## Task instructions
Copy each record below faithfully, leaving out images.

Excerpts from a dataset

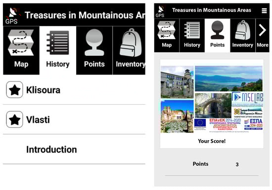 The visited places can be viewed at any time in the History tab, and the points gathered in the Points b. tab. Virtual objects (stars and diamonds) are collected in the Inventory tab (Figure 6).
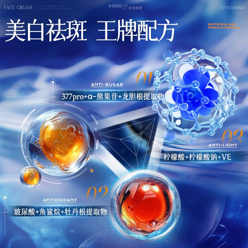 377美白祛斑面霜烟酰胺去黄褐斑老年斑淡化色斑去黄提亮改善暗沉
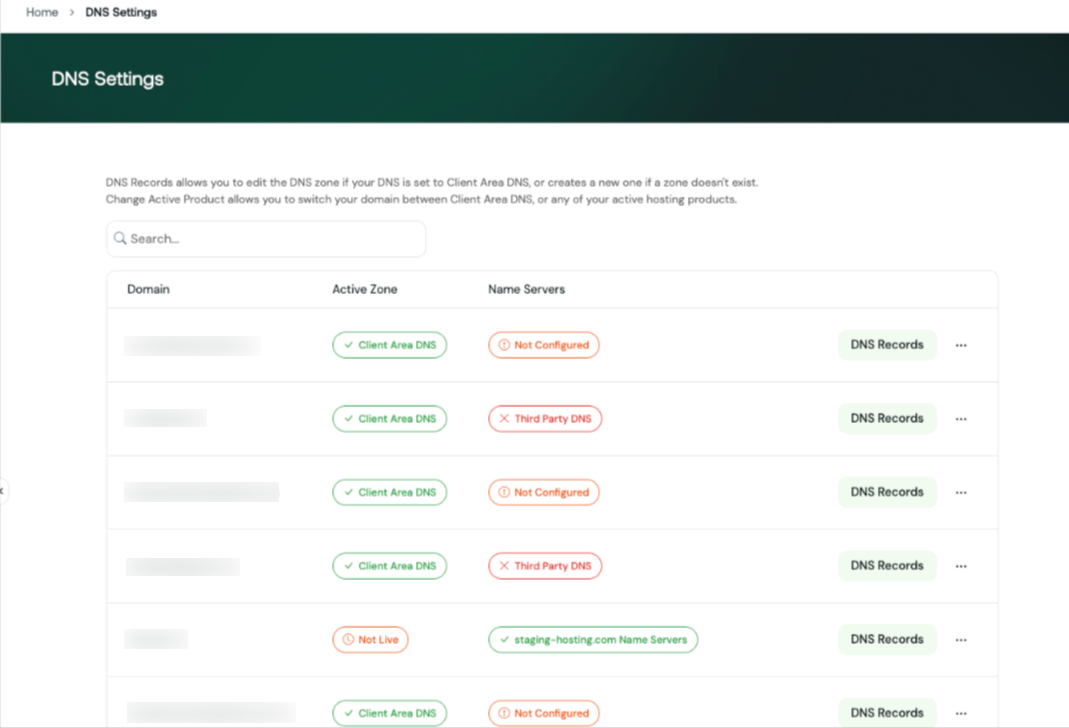 The DNS Manager in the Hosting.com Client Area has been updated to provide more control over DNS configuration. With these updates, you can now create and manage your own Client Area DNS zone directly from the DNS Editor. This allows you to control where your DNS zone is managed and easily switch the DNS master between the Client Area and your active hosting products. The update also introduces a new domain listing page that shows DNS zone status and nameserver configuration for each domain, making it easier to see where DNS is managed.
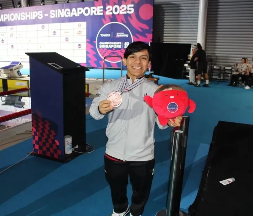 “Tenía la expectativa de ganar una medalla en mi prueba fuerte, el 400 metros libre (prueba en la que ganó su presea de París 2024 y quedó en cuarto lugar en Singapur) y en el 200 combinado, para el que me estaba preparando muy fuertemente, pero la medalla que sí me sorprendió fue la de los 100 pecho, donde me coloqué entre los tres mejores del mundo, con un tiempo de 1:20 segundos”, destacó.
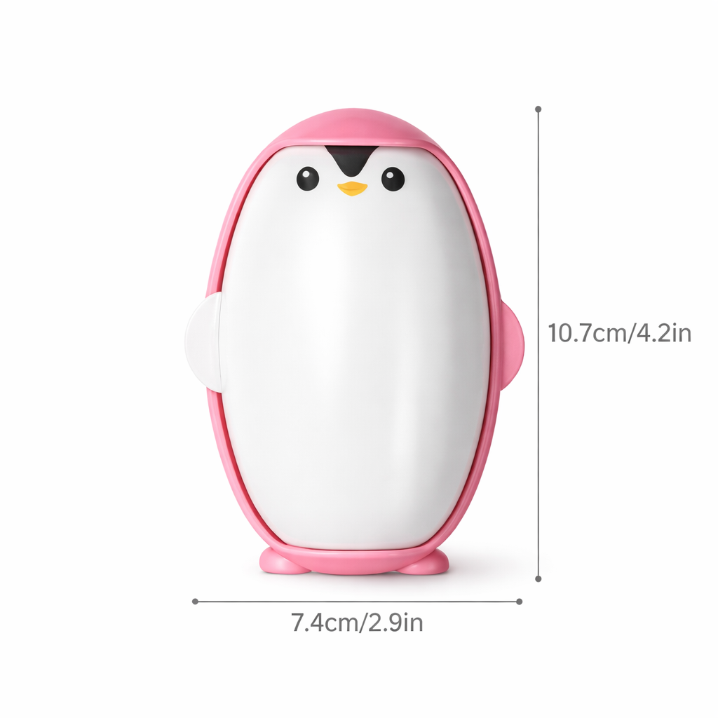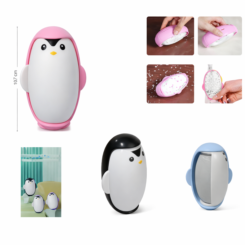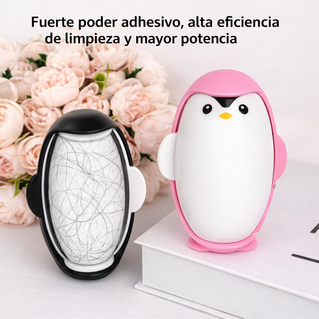 Removedor de pelusa reutilizable con diseño compacto en forma de pingüino, disponible en varios colores, ideal para limpiar ropa, muebles y superficies de forma rápida y sencilla; su superficie adhesiva atrapa eficazmente pelos, polvo y residuos sin necesidad de repuestos, y se limpia fácilmente para volver a usar, ofreciendo una solución práctica, portátil y duradera para el hogar o viajes.
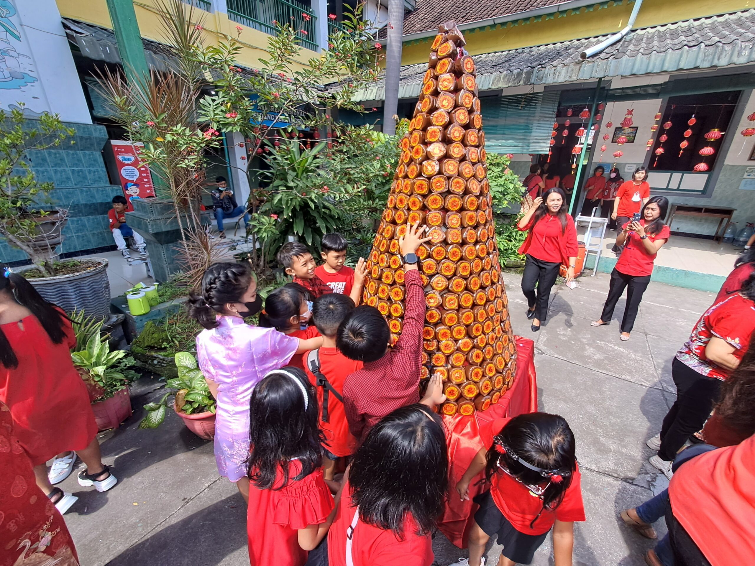 SD Warga Bagikan Gunungan Kue Keranjang
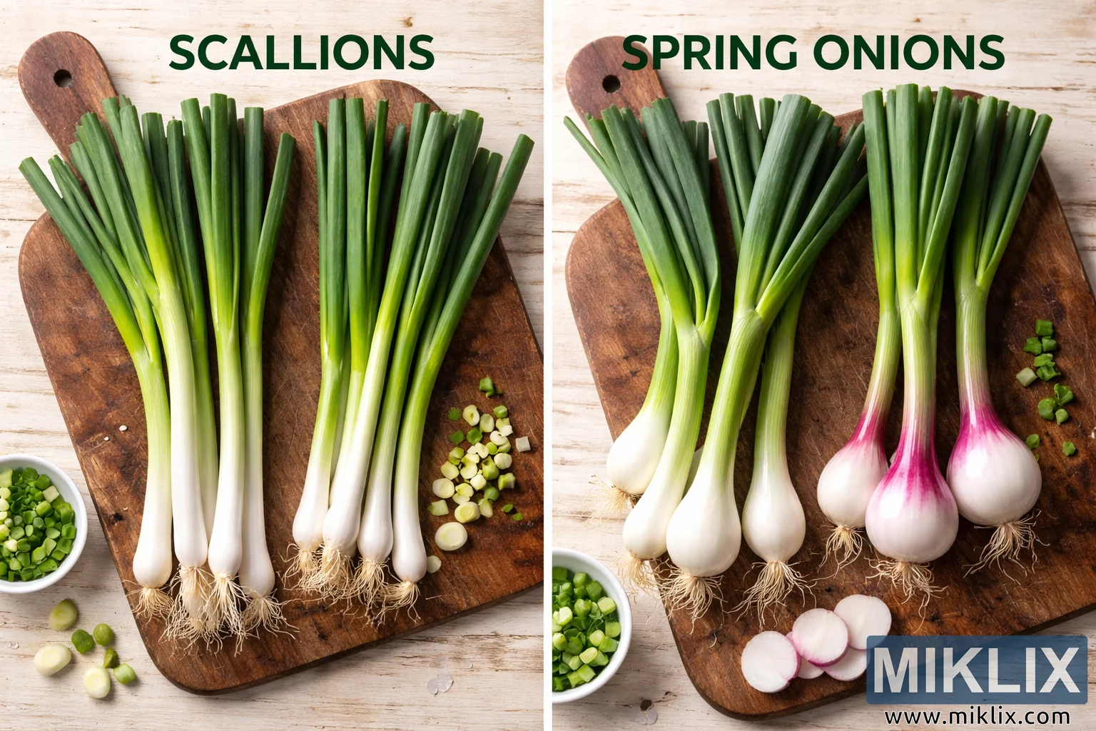 Visual comparison showing scallions and spring onions arranged side by side, illustrating the difference in bulb size, root structure, and overall appearance.
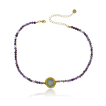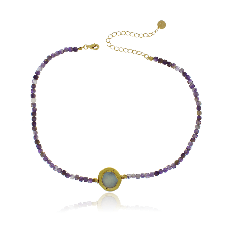 Colar Quadradinho Pedra Ametista Pérola Volta Lisa Rondelas

## Exercise output
 The visited places can be viewed at any time in the History tab, and the points gathered in the Points b. tab. Virtual objects (stars and diamonds) are collected in the Inventory tab (Figure 6).
 377美白祛斑面霜烟酰胺去黄褐斑老年斑淡化色斑去黄提亮改善暗沉
 The DNS Manager in the Hosting.com Client Area has been updated to provide more control over DNS configuration. With these updates, you can now create and manage your own Client Area DNS zone directly from the DNS Editor. This allows you to control where your DNS zone is managed and easily switch the DNS master between the Client Area and your active hosting products. The update also introduces a new domain listing page that shows DNS zone status and nameserver configuration for each domain, making it easier to see where DNS is managed.
 “Tenía la expectativa de ganar una medalla en mi prueba fuerte, el 400 metros libre (prueba en la que ganó su presea de París 2024 y quedó en cuarto lugar en Singapur) y en el 200 combinado, para el que me estaba preparando muy fuertemente, pero la medalla que sí me sorprendió fue la de los 100 pecho, donde me coloqué entre los tres mejores del mundo, con un tiempo de 1:20 segundos”, destacó.
 Removedor de pelusa reutilizable con diseño compacto en forma de pingüino, disponible en varios colores, ideal para limpiar ropa, muebles y superficies de forma rápida y sencilla; su superficie adhesiva atrapa eficazmente pelos, polvo y residuos sin necesidad de repuestos, y se limpia fácilmente para volver a usar, ofreciendo una solución práctica, portátil y duradera para el hogar o viajes.
 SD Warga Bagikan Gunungan Kue Keranjang
 Visual comparison showing scallions and spring onions arranged side by side, illustrating the difference in bulb size, root structure, and overall appearance.
 Colar Quadradinho Pedra Ametista Pérola Volta Lisa Rondelas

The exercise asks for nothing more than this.